President Obama expects an immigration bill to come before the Senate next month and voiced optimism that a final bill could pass through Congress this summer.
A bipartisan group of senators, known as the "Gang of Eight," missed a self-imposed deadline to submit a comprehensive immigration reform bill by the end of March, sparking concern that the group had reach an unsolvable impasse. But Obama said on Wednesday that the group is "actually making progress" and that they are very close to reaching a final agreement on a bill.
See Also: Why An Immigration Timeline Matters
"I'm actually optimistic that when they get back they will introduce a bill," Obama said during an interview with Univision. "My sense is that they have come close and my expectation is that we'll actually see a bill on the floor of the Senate next month."

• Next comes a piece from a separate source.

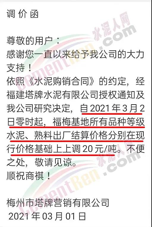 根據(jù)市場(chǎng)情況,經(jīng)研究,決定從2021年3月1日零時(shí)起,本公司發(fā)往福建省內(nèi)各品種各規(guī)格型號(hào)水泥在原價(jià)格基礎(chǔ)上上調(diào)20元/噸。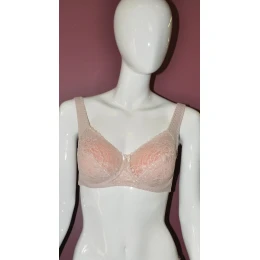 Spodní část košíčků je podšitá materiálem. Vrchní část košíčků lemuje ažurová krajka. Model má boční panel, který pěkně stahuje poprsí ke středu hrudníku. Podprsenka se zapíná dvěma, nebo třemi háčky s trojí možností nastavení délky obvodu. Model je vhodný pro ženy s větším poprsím.

The president has repeatedly said that he would propose his own immigration bill should negotiations in Congress grind to a halt. But Obama refused to say that he would take such action even if the lawmakers fail to introduce a bill in April.
"I'm not going to presuppose that they don't [reach an agreement]," he said.
When Obama was asked if immigration reform could still get done by summer, a goal he set out earlier this year, the president replied, "I believe so."
Comprehensive immigration reform is one of Obama's top second-term priorities, and it's a rare issue where agreement between Republicans and Democrats in Washington has emerged since the November election.
The president has long faced pressure from Latino groups to act, especially since seven in ten Latino voters backed his reelection bid. Republican decision-makers certainly believe that cooperating on an immigration bill could help them make inroads among Latino voters, who have largely abandoned the party during the past eight years.
But some of the specific details of the bill have proven tough to iron out, like a new visa program to bring in low-skilled immigrant workers. One area where Obama says there is broad agreement is border security. The president said it's important for an immigration overhaul to ensure that employers cannot hire undocumented immigrants. He also said it must tighten security at the U.S.'s southern border, but added that tremendous progress has already been made.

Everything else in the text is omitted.